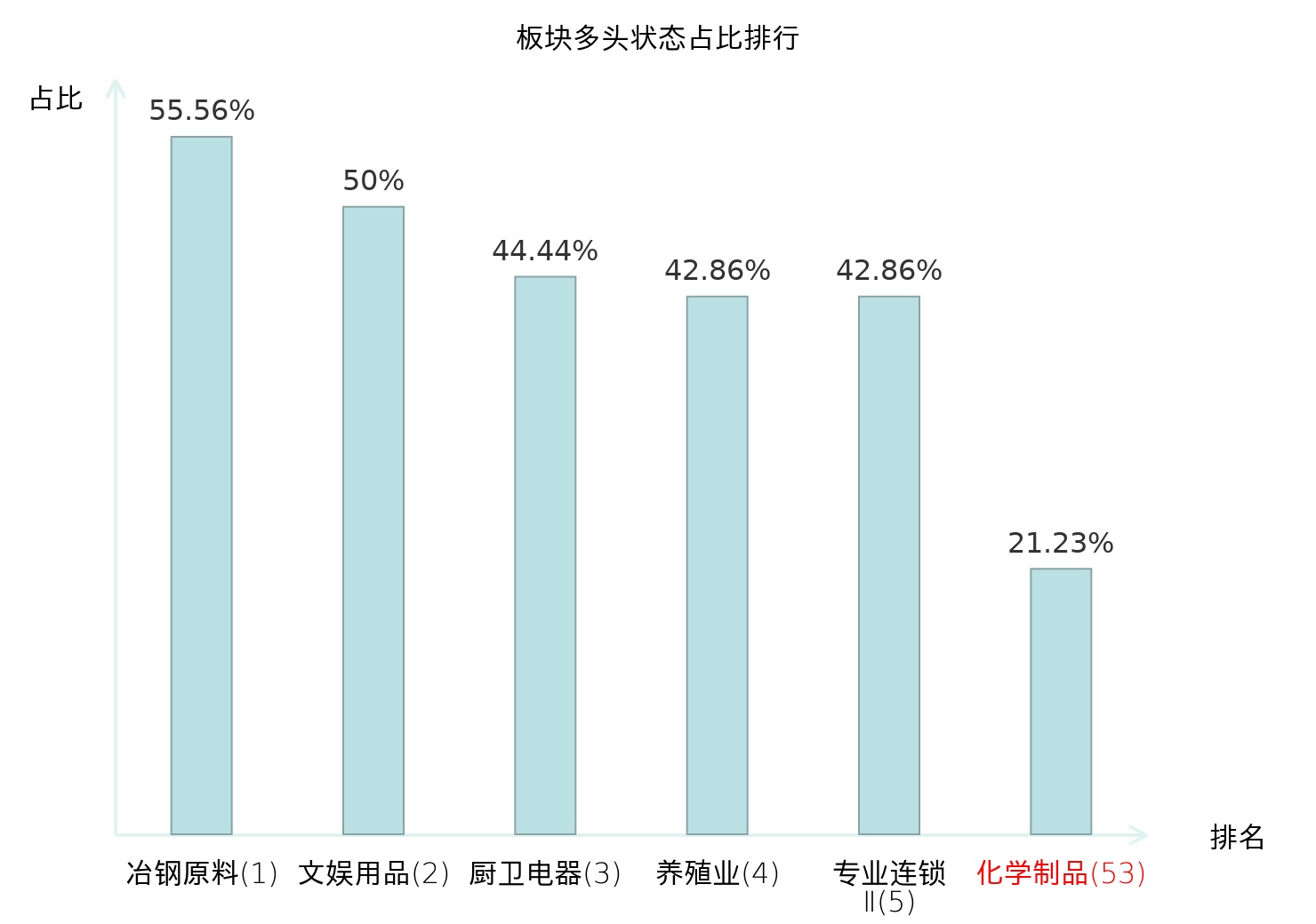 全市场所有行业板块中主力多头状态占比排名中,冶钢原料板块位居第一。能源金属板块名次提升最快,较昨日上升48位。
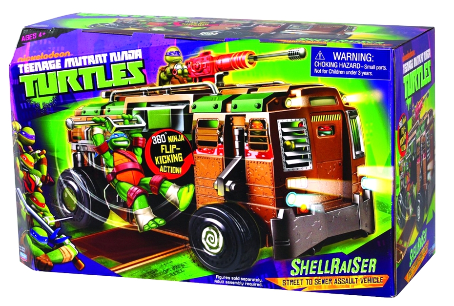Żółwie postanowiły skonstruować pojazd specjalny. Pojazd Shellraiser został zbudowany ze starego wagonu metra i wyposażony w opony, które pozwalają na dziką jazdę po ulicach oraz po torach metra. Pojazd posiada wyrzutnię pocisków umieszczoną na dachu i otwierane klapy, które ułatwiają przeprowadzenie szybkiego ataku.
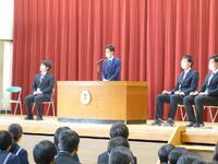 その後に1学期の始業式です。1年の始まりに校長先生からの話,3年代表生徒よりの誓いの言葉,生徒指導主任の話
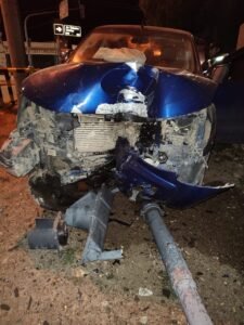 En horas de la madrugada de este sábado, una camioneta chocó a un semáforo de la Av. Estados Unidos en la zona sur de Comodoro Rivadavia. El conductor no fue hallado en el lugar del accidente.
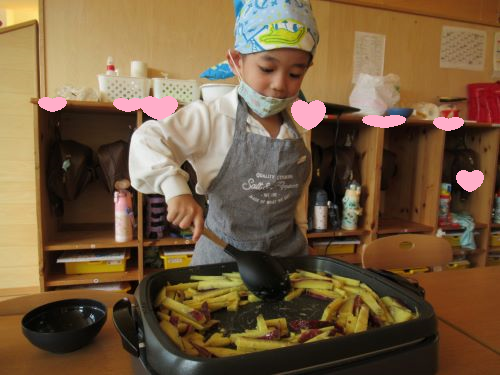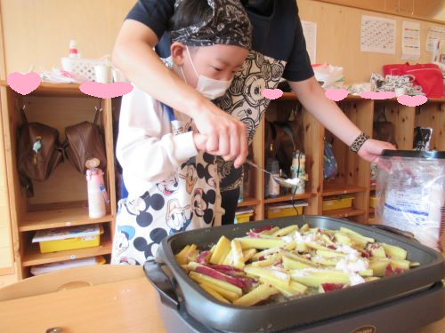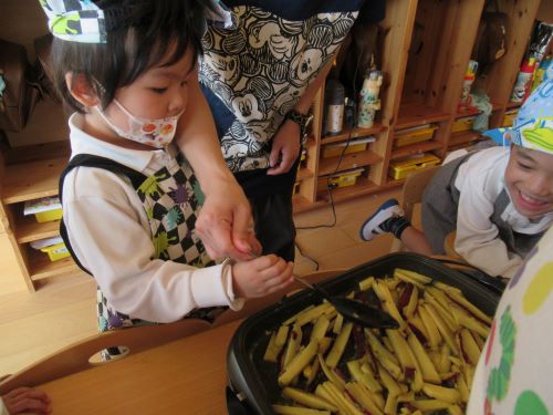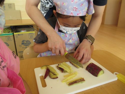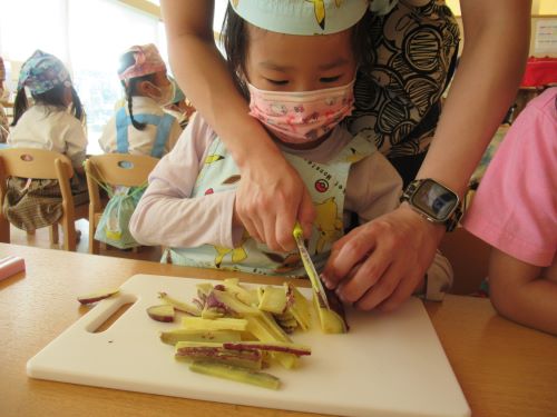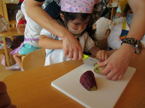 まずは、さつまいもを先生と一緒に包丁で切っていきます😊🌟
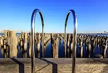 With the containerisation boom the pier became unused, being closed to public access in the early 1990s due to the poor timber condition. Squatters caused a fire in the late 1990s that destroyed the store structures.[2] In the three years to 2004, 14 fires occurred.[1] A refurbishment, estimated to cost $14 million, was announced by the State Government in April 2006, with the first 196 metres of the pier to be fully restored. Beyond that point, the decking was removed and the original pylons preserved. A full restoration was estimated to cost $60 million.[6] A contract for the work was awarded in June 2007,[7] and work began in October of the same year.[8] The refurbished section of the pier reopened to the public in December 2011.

PROBLEM STATEMENT —
Pictures are to be omitted. The lines from the line holding "En horas de" through the closing line of the data above are to be set down exactly, and nothing more.

RESPONSE BELOW —
 En horas de la madrugada de este sábado, una camioneta chocó a un semáforo de la Av. Estados Unidos en la zona sur de Comodoro Rivadavia. El conductor no fue hallado en el lugar del accidente.
 まずは、さつまいもを先生と一緒に包丁で切っていきます😊🌟
 With the containerisation boom the pier became unused, being closed to public access in the early 1990s due to the poor timber condition. Squatters caused a fire in the late 1990s that destroyed the store structures.[2] In the three years to 2004, 14 fires occurred.[1] A refurbishment, estimated to cost $14 million, was announced by the State Government in April 2006, with the first 196 metres of the pier to be fully restored. Beyond that point, the decking was removed and the original pylons preserved. A full restoration was estimated to cost $60 million.[6] A contract for the work was awarded in June 2007,[7] and work began in October of the same year.[8] The refurbished section of the pier reopened to the public in December 2011.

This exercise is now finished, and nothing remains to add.